Member of the Cook County Board of Appeals
- In office December 1970 – November 23, 1987
- Succeeded by: Thomas A. Jaconetty

Member of the Cook County Board of Commissioners from Chicago
- In office December 1966 – 1970

Postmaster of Chicago
- In office November 2, 1961 – 1966 (acting postmaster from November November 2, 1961–October 5, 1962)
- Appointed by: John F. Kennedy
- Preceded by: Carl A. Shroeder
- Succeeded by: William Bochelli

Member of the Illinois House of Representatives from the 14th district
- In office 1957–1961

Personal details
- Born: Chicago, Illinois
- Died: November 23, 1987 (age 72) Chicago, Illinois
- Party: Democratic
- Alma mater: American Conservatory of Music
- Profession: Politician, businessman, baseball team owner

= Harry H. Semrow =

American politician and baseball team owner

Harry H. Semrow (August 19, 1915 - November 23, 1987) was an American politician, businessman, baseball team owner.

From 1957 until 1961, Semrow served in the Illinois House of Representatives as a Democrat. In 1961, President John F. Kennedy appointed Semrow postmaster of Chicago and he served until 1966. From 1966 to 1970, Semrow served on the Cook County Board of Commissioners. From 1970 until his death, Semrow served on the Cook County Board of Appeals. Semrow also owned the radio station AM 1590 WNMP and the Quad Cities Angels baseball team.

==Early life==
Semrow was born in Chicago, Illinois, Semrow served in the United States Navy during World War II and studied at the American Conservatory of Music.

==Private sector career==
Semrow owned the radio station AM 1590 WNMP in Evanston, Illinois through his company Semrow Broadcasting.

In 1986, he became the owner of the Quad Cities Angels baseball team in Davenport, Iowa. He was considered to be a well-known political figure in Chicago.

==Political and government career==
A member of the Democratic Party, Semrow held several elected positions and also served in the appointed position of postmaster of Chicago.

===Illinois state representative===
From 1957 until 1961, Sermon served as a Democratic member of the Illinois House of Representatives, representing the 14th district. He was first elected in 1956.

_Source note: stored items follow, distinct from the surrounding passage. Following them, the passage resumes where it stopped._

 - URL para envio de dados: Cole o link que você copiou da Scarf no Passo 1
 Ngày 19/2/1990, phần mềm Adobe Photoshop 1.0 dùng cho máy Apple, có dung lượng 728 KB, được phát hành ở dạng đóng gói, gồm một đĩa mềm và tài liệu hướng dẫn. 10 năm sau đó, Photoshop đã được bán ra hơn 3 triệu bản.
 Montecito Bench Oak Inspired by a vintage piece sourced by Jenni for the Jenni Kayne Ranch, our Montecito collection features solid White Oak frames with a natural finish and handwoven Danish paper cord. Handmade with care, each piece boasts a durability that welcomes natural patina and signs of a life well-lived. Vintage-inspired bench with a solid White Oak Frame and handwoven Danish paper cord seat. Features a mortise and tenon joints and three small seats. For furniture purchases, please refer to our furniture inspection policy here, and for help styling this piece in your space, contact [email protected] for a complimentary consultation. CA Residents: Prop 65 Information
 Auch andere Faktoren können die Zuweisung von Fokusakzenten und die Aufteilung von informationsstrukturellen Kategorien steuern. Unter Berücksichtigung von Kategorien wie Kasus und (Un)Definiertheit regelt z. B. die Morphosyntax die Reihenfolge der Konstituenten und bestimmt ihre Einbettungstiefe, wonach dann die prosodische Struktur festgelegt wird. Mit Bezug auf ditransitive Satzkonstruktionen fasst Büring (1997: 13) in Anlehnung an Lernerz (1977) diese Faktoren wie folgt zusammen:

In his first term, he was a prominent advocate for a bill to require resuscitators in all hospitals, which passed in the state house by a unanimous 115–0 vote. In the state house, Semrow attempted to pass a ban on sparklers, bringing an 11-year-old girl that had been blinded by a sparkler to the floor of the state house in order to advocate for a ban. He also established himself as an advocate on behalf of the disabled and mentally ill.

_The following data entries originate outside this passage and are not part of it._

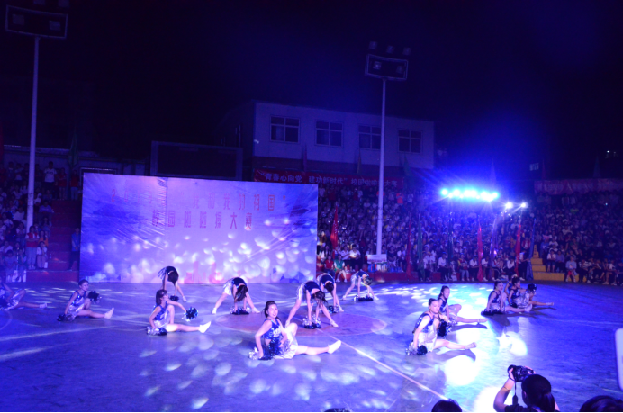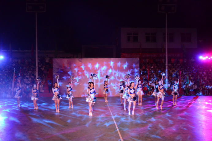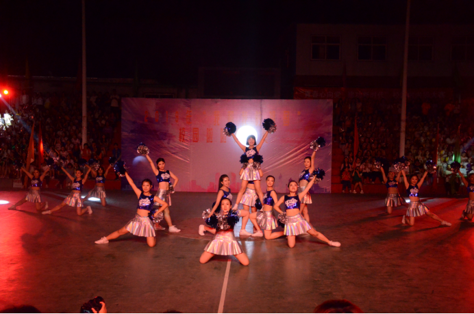 啦啦操代表队积极参加在灯光篮球场举行的校园啦啦操大赛。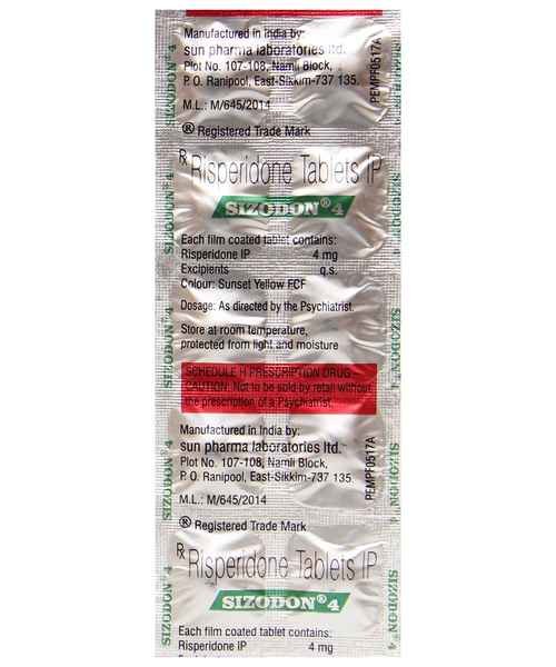 Sizodon 4 Tablet is taken with or without food, preferably at night. However, it is advised to take it at the same time each day as this helps to maintain a consistent level of medicine in the body. Take this in the dose and duration as advised by your doctor and if you have missed a dose, take it as soon as you remember. It is important that this medication is not stopped suddenly without talking to your doctor as it may worsen your symptoms. However, discontinue this medicine immediately if you experience Neuroleptic malignant syndrome (NMS), characterized by fever, muscle rigidity, and altered consciousness or seizures.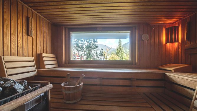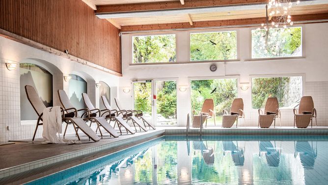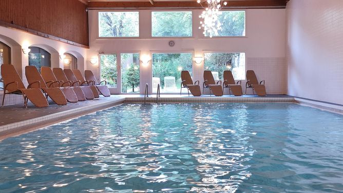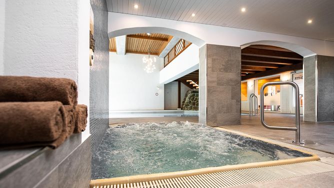 Het wellness- en zwemgedeelte (ca. 600 m²) biedt een zwembad, whirlpool, sauna en een rustruimte.
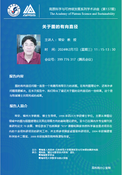 讲座(在线):2月7日 常安 关于图的有向直径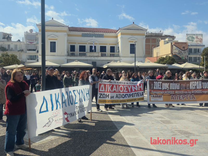 Στη συγκέντρωση στην κεντρική πλατεία συμμετείχαν, μεταξύ άλλων, το Νομαρχιακό Τμήμα Λακωνίας της ΑΔΕΔΥ, το Εργατοϋπαλληλικό Κέντρο Λακωνίας, η Ένωση Φοροτεχνικών Λογιστών Λακωνίας, η Ομοσπονδία Επαγγελματικών και Εμπορικών Σωματείων Λακωνίας και το Σωματείο Συνταξιούχων ΙΚΑ-ΕΦΚΑ Λακωνίας. Παρόντες ήταν ακόμη ο Σύλλογος Υπαλλήλων ΠΕ Λακωνίας, οι Σύλλογοι Εκπαιδευτικών Πρωτοβάθμιας Εκπαίδευσης, ο Φοιτητικός Σύλλογος Σπάρτης, η Ομάδα Γυναικών Καστορείου, η Ένωση Συλλόγων Γονέων Δήμου Σπάρτης, μαθητές από το Μουσικό Σχολείο και το 1ο Γενικό Λύκειο Σπάρτης κ.α..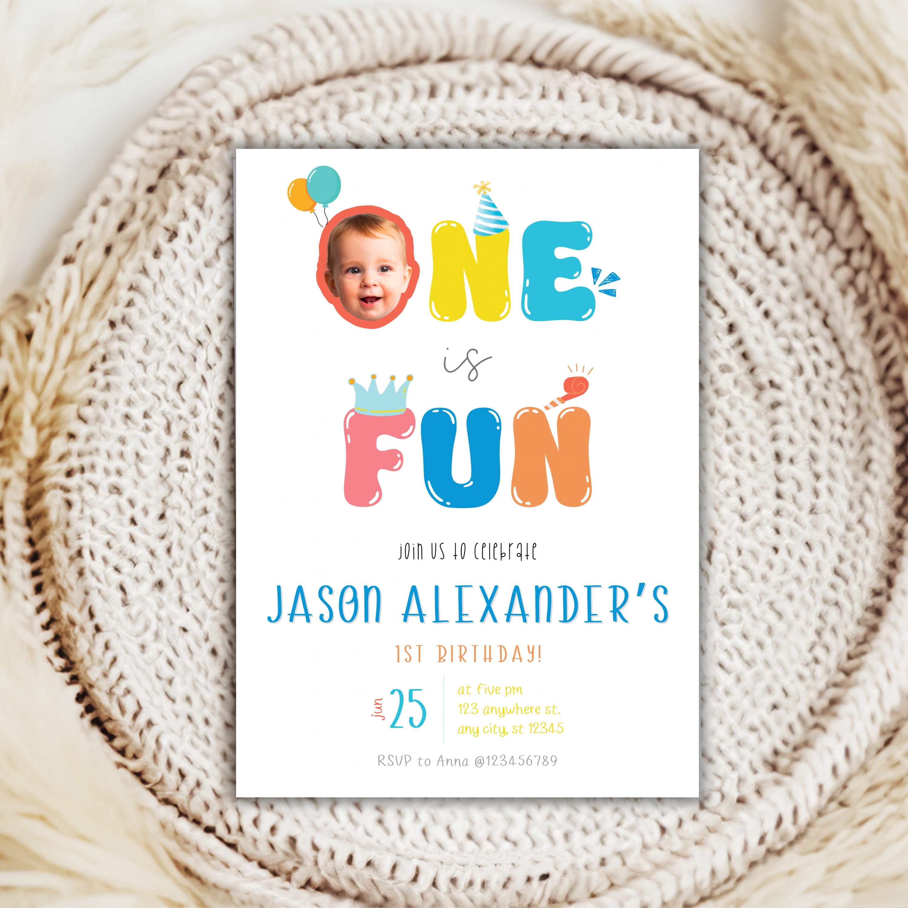 Printable One is Fun Photo Birthday Invitation, Gender Neutral Fun to ...

===Postmaster of Chicago===
In order to assume the office, Semrow resigned from Illinois House of Representatives, as well as his private sector positions as president of Sermon Products and Sermon Broadcasting Company.

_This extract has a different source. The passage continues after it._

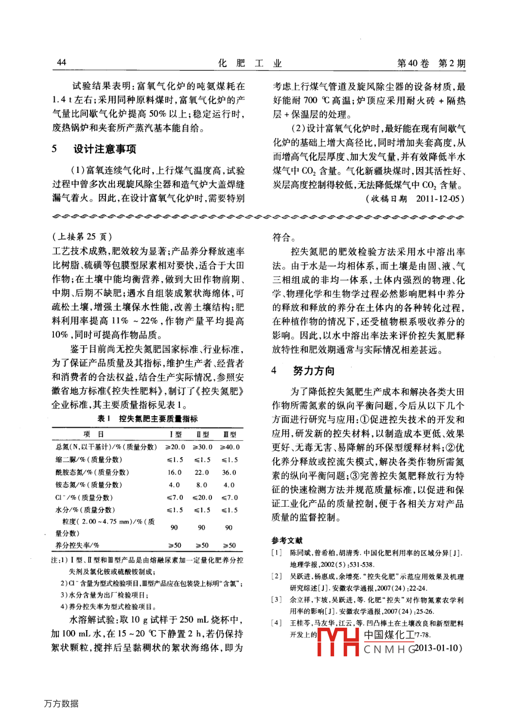 化肥工業(yè)第40卷第2期富氧連續(xù)氣化試驗總結(jié)楊曉勤,古永紅(湖北宜化集團有限責(zé)任公司湖北宜昌443000摘要簡要介紹了富氧連續(xù)氣化技術(shù)的特點、工藝流程、主要設(shè)備以及富氧氣化爐的操作要點,并提出了設(shè)計中需要注意的事項。富氧連續(xù)氣化試驗結(jié)罘表明:富氧氣化爐的哋氨煤耗在1.4t左右,產(chǎn)氣量比間歇氣化爐提高50%以上,廢熱鍋爐和夾套所產(chǎn)蒸汽基本能自給。關(guān)鍵詞富氧氣化炭層控制上行煤氣溫度試驗Sum-Up of Experiments on Continuous Gasification with Oxygen-Enriched AirYang Xiaoqin, Gu YoHubei Yihua Group Co, Ltd. Hubei Yichang 443000)Abstract A brief introduction is given to the continuous gasification technology with oxygenenriched air, its special features, technological process, main pieces of equipment and main points inthe operation of the gasification with oxygen-enriched air, and points for attention are mentioned in itsdesign. The experimental results indicate that the gasifier consumes about 1. 4 t of coal per ton ofammonia,its gas production is over 50% higher than that of the batch coal gasifier, and the steamfrom the waste heat boiler and the jacket is basically self-sufficientKeywords gasification with oxygen-enriched air carbon layer control upgoing gas temperature1富氧連續(xù)氣化技術(shù)特點越高,對純氧的消耗量也越高。由于需要消耗氧氣,因此富氧連續(xù)氣化技術(shù)實施的關(guān)鍵在于能否富氧連續(xù)氣化和間歇氣化技術(shù)均屬于常壓固獲得穩(wěn)定、經(jīng)濟的富氧源。湖北宜化集團有限責(zé)任定層氣化,前者是以純氧、富氧空氣和水蒸氣為氣公司通過對國內(nèi)采用富氧連續(xù)氣化技術(shù)的河南平化劑同時從爐底進(jìn)入,所產(chǎn)煤氣由爐頂引出;后者頂山、安徽淮化,福建三明3家化肥企業(yè)的考察:富是以空氣和水蒸氣為氣化劑,由空氣吹風(fēng)和水蒸氧連續(xù)氣化所需的氧濃度一般在55%~60%(體氣上、下吹交替制取半水煤氣。積分?jǐn)?shù));對于φ2740,φ3000和φ3300mm煤與間歇氣化技術(shù)相比,富氧連續(xù)氣化技術(shù)具氣爐,富氧空氣流量在200-4000m3/h;這有如下特點:工藝流程及生產(chǎn)操作大為簡化,安全3家企業(yè)全部采用深冷法制氧,河南平頂山的制性也得以提高;由于沒有吹風(fēng)階段的大流量空氣氧能力是6500m3/h,安徽淮化利用與德士古水通過床層,炭層中的氣體流速大幅降低,因而可以煤漿氣化裝置配套的2800m3/h空分裝置所產(chǎn)使用粒度較小的原料煤,灰渣含碳量也較間歇氣的部分氧氣,福建三明是利用附近鋼鐵企業(yè)的氧化技術(shù)的低,氣化反應(yīng)區(qū)溫度穩(wěn)定,氣化強度可比氣(5300m3/h)。由于富氧連續(xù)氣化對氧氣的濃間歇氣化提高50%以上;不存在間歇氣化工藝中度要求不高,因此可考慮采用變壓吸附制氧閥門頻繁切換的問題,從而大大延長有效制氣時間,使氣化強度及單爐氣化能力大幅提高;可充分2富氧氣“中國煤化主要設(shè)備利用原有的常壓固定層氣化爐,投資增加不大。2.1富氧CNMHG般氧氣純度越高,氣化強度越大,氣化效率湖北宜化雙環(huán)公司富氧連續(xù)氣化試驗裝置是2013年4月楊曉勤等:富氧連續(xù)氣化試驗總結(jié)在原間歇氣化爐的基礎(chǔ)上改造而成。氣溫度將迅速升高。汽氧比失調(diào)時,也易引起上來自空分裝置的4.0MPa純氧減壓至25kPa行溫度波動,此時應(yīng)根據(jù)煤氣成分分析結(jié)果進(jìn)行后進(jìn)入純氧緩沖罐,然后進(jìn)入富氧緩沖罐,與來自調(diào)節(jié)。上行煤氣溫度超標(biāo)時,若煤氣中有效氣含羅茨風(fēng)機的25kPa空氣混合,富氧空氣中含氧體量高、二氧化碳含量低,說明氧過量,需要增加蒸積分?jǐn)?shù)控制在5%~60%。富氧空氣經(jīng)管道進(jìn)汽用量;若有效氣含量低、二氧化碳含量高,說明入氣化劑混合罐,與來自蒸汽緩沖罐的蒸汽混合蒸汽過量,需減少蒸汽用量或增加氧用量。在實后由爐底進(jìn)入氣化爐,所產(chǎn)半水煤氣由爐頂引出,際操作過程中,也可以通過調(diào)節(jié)加煤量來控制上然后依次經(jīng)過旋風(fēng)除塵器廢熱鍋爐后進(jìn)入煤氣行煤氣溫度,但必須優(yōu)先保證炭層高度??偣堋4撕笤谶M(jìn)行以新疆塊煤為原料的富氧連續(xù)(3)經(jīng)多次試驗,富氧連續(xù)氣化所產(chǎn)煤氣中氣化試驗時,在廢熱鍋爐后增設(shè)了噴淋式單爐洗的有效氣體積分?jǐn)?shù)最佳范圍為62%~68%。當(dāng)氣塔。有效氣體積分?jǐn)?shù)低于62%時,說明爐內(nèi)氣化層溫2.2富氧連續(xù)氣化試驗裝置主要設(shè)備度較低,蒸汽用量也會偏高,經(jīng)濟性較差;當(dāng)有效(1)富氧氣化爐是由常壓間歇氣化爐改造而氣體積分?jǐn)?shù)超過68%時,爐內(nèi)溫度過高極易引成,富氧空氣與蒸汽混合后并入爐底三又管經(jīng)鼓起結(jié)疤,炭層高時也容易引起掛壁。風(fēng)箱進(jìn)入爐內(nèi)。因上行煤氣溫度高,一旦有紅炭落入灰倉,接觸富氧空氣后極易劇烈燃燒,能快速4富氧連續(xù)氣化試驗結(jié)果將灰倉燒紅,因此氣化爐爐頂、上行管道爐底灰湖北宜化雙環(huán)公司分別對貴州煤煤棒、山西倉、鼓風(fēng)箱均要求涂抹耐高溫澆注料煤煤棒、寧夏煤煤棒、內(nèi)蒙古機焦塊、內(nèi)蒙古焦粉(2)湖北宜化雙環(huán)公司富氧連續(xù)氣化試驗裝煤球等進(jìn)行了富氧連續(xù)氣化試驗,并與間歇式煤氣置利用與She粉煤氣化裝置配套的空分裝置

Semrow was nominated in October 1961 to serve as the acting postmaster of Chicago, which would have him oversee what was, at the time, the second-largest post office in the United States. He was sworn in and took office on November 2, 1961. In his first year, Semrow reported reducing expenses for the post office by roughly $3 million while seeing a 4.7% increase in male handled. As acting postmaster, Semrow also created a post office musical band, employee welfare committee, as well as employee baseball, baseball, bowling, and basketball teams. He also created a bonding policy that allowed businesses to purchase postage stamps utilizing standard bank checks if they first posted an indemnity bond.

Semrow was nominated by President John F. Kennedy to serve as the permanent postmaster of Chicago. He was confirmed by the United States Senate on October 5, 1962. Semrow held the position until he resigned in 1966.

===Cook County Board of Commissioners===
In 1966, Semrow was elected to the Cook County Board of Commissioners, the legislature of the Cook County government. However, he was defeated by Republican Richard B. Ogilvie in the coinciding election for president of the Cook County Board of Commissioners, in which he was also a candidate.

===Cook County Board of Appeals===
In 1970, Semrow resigned from the Cook County Board of Commissioners and ran for the Cook County Board of Appeals, the county's tax appeals board. He won election, and served until his death, being reelected in 1974, 1978, 1982, and 1986.

==Death==
Semrow died at the age of 72 on November 23, 1987, at his personal residence in the Edgebrook neighborhood of Chicago.